Когда же, по прошествии многих лет, вернулся я в свое имение, утомленный сражениями, и решил предаться отдыху и успокоению, вспомнил я про La Puerta del diablo. И, поскольку ничто теперь не отвлекало меня от неспешных и холодных расчетов, удалось мне исчислить тщательнейшим образом время нового появления Дьявола. И представить, каким образом удалось бы остановить Дьявола, если б он снова попытался открыть Врата свои. И даже составить заклинание, изгоняющее его обратно в преисподнюю.
Как я говорил, теперешние занятия мои носили чисто умозрительный характер, ибо самому мне не грозило встретиться с оным Дьяволом в моей короткой жизни. На досуге я бродил близ Врат Дьявола. Они влекли меня неудержимо. Я представлял, каким образом происходили здесь события шестьдесят лет назад. Я точно определил, на каких местах должны были стоять эти отважные Пятеро, и нашел эти места, и даже, признаюсь, немного завидовал им, ибо хотел бы схватиться с таким грозным и ужасным противником, как сам Дьявол.

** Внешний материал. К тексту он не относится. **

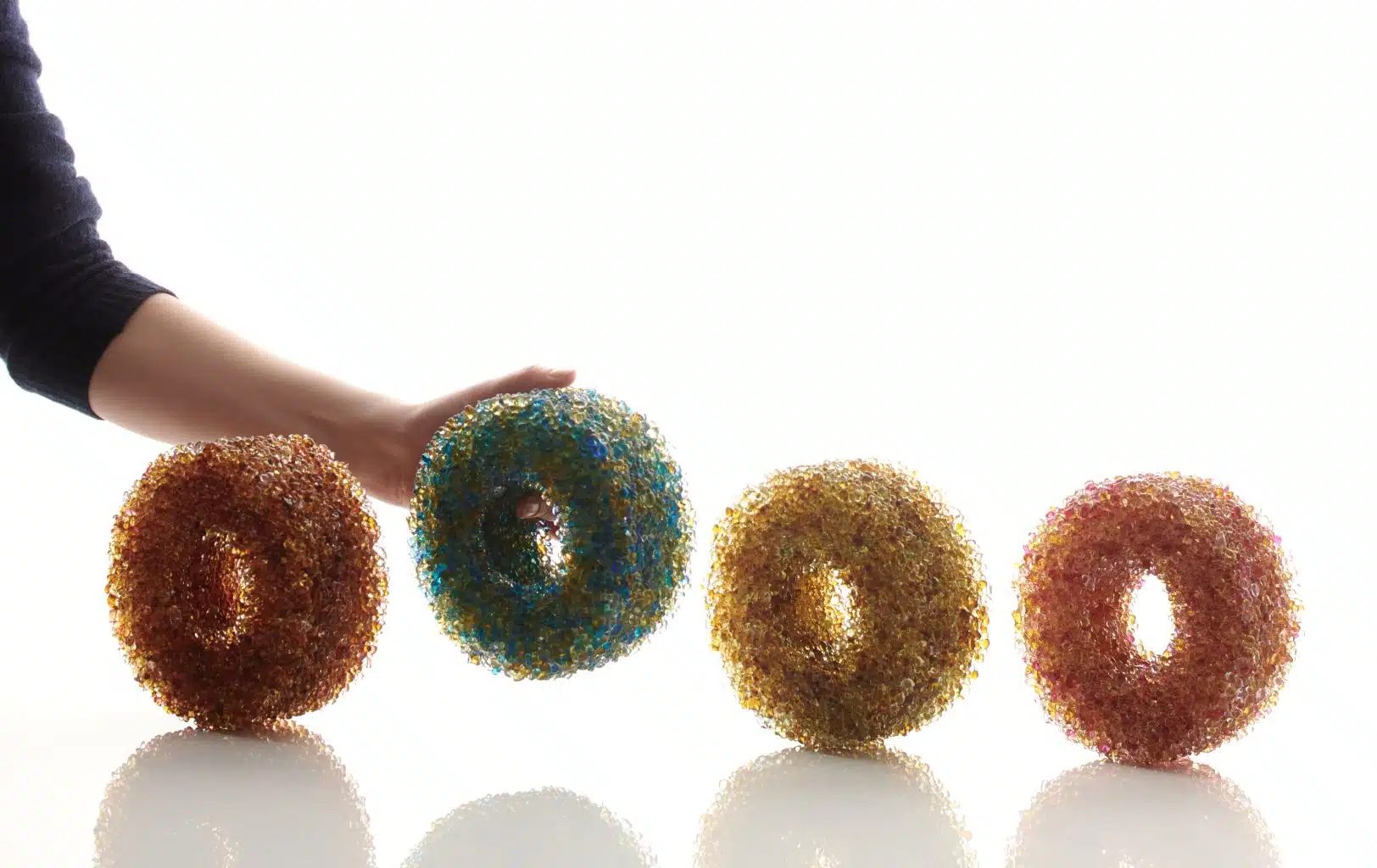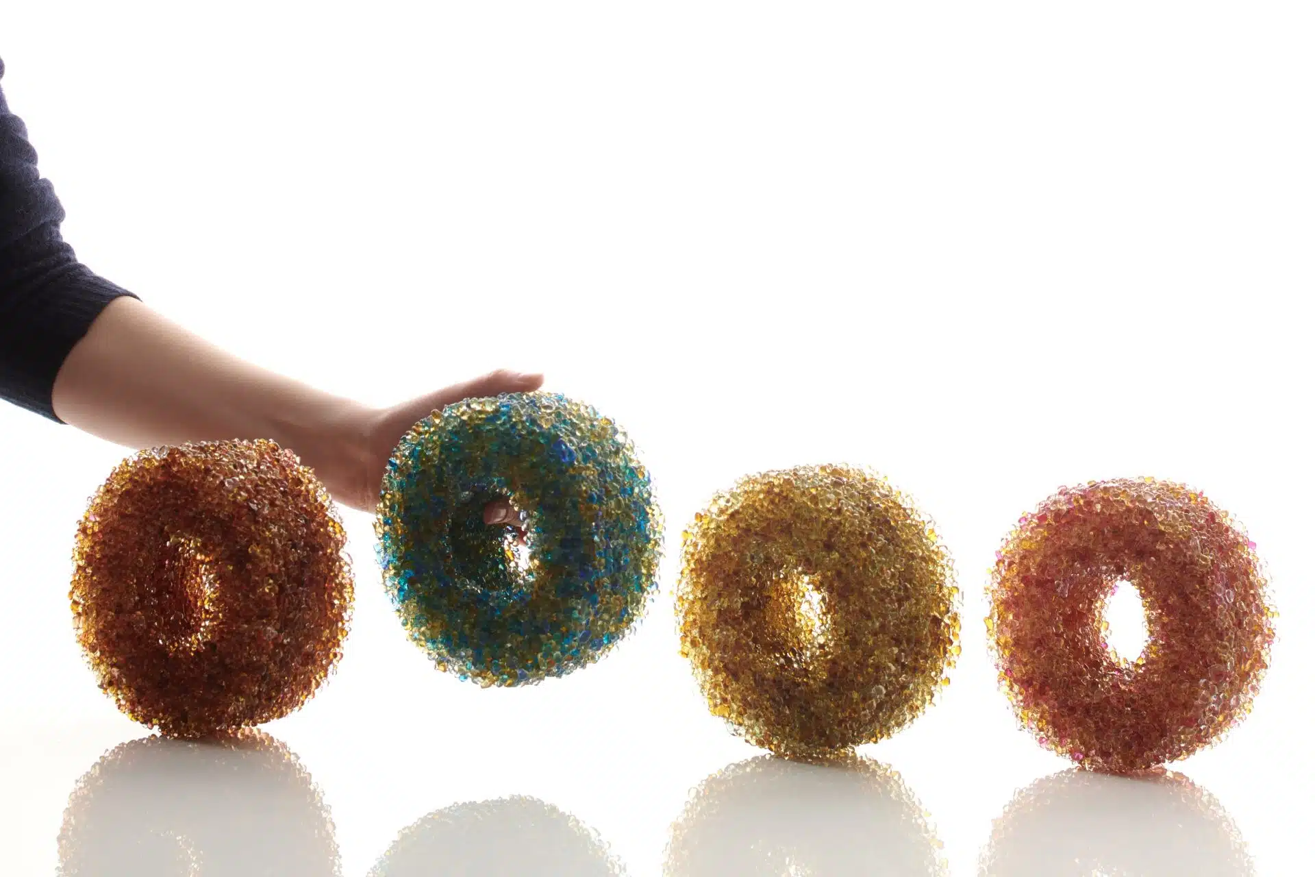 Since 2020 Kira has been delving into colour explorations and colour mixing through the Glass Ishihara series and the Superposition series. And she has continued to explore line work through the colourful layers of glass of the Constructure series and the delicate Palmately Netted Vein series.

Но однажды, в очередной раз исследуя место внутри предполагаемого круга, я наткнулся в камнях на тайник. Не буду описывать, где и как он был устроен – пусть это останется секретом для меня и того, кто им ранее воспользовался. И в этом тайнике нашел я грамоту, совершенно не пострадавшую ни от огня, ни от времени. Содержание этого документа повергло меня в смятение и совершенно перевернула представление мое о способе изгнания Дьявола и собственной моей роли в этом процессе.
Оказалось, что в процессе этом участвовало не пятеро человек, а целых десятеро! Ибо сила оного Дьявола такова, что появление его производит великое возмущение во времени и происходит как бы отдача во времени назад, достигающая четырех с половиной веков. И там, в прошлом по сравнению с его очередным появлением времени, необходима поддержка еще пятерых людей, облеченных знанием. Говоря более простыми словами, если Пятеро, которые будут противостоять Дьяволу в конце грядущего двадцатого века, произнесут свое заклинание, то Дьявол не будет полностью изгнан, а будет только отброшен в прошлое. Прямо в то время, в котором дано судьбой проживать мне!
Таким образом, рассудил я, послание сие не случайно, а адресовано именно мне – единственному Посвященному в данной части Испании. К тому же, владельцу местности, в которой находятся Врата Дьявола. В том увидел я руку Господа и решил приступить к действиям немедля.
Ясно, что в действиях мне необходимы были еще четверо помощников – людей, безусловно, не случайных и обладающих качествами, необходимыми для того, чтобы стать Посвященными. Первого из них мне удалось отыскать сравнительно легко. Вспомнил я, что приходилось мне встречать при службе в армии одного солдата. Человек он был простой и скромный, но наделен большой силой духа и некоторыми необыкновенными способностями, скрытыми от людей, в том не понимающих, но не скрытыми для моего опытного взгляда. Я отправился в Кордову, разыскал его, освободил от воинской службы и взял к себе слугой. Звали его Педро. Он довольно легко усвоил многие премудрости тайного искусства Посвященных. Немногословный и сдержанный, Педро стал мне настоящим помощником, преданнее которого я не встречал.
Далее же судьба столкнула меня с иным человеком. Имя его было Фернандо де ла Крус. Он был иллюминатом – из той разновидности христиан, что считают себя святее самого Папы, и веруют, что Бог лично обращается к ним с небес и дает им особое право наставлять людей на путь истинный. Не буду вдаваться в особенности учения иллюминатов, скажу только, что дон Фернандо произвел на меня большое впечатление своей ученостью и готовностью отдать жизнь свою ради святого дела. Правда, все это сочеталось с излишней пышностью речей и несколько пренебрежительным отношением к людям, в том числе и ко мне. Да и особые способности, кои необходимы для человека, борющегося с демонами, были у него в весьма слабом состоянии. Но я надеялся развить их в должной степени, благо время для того у нас еще было.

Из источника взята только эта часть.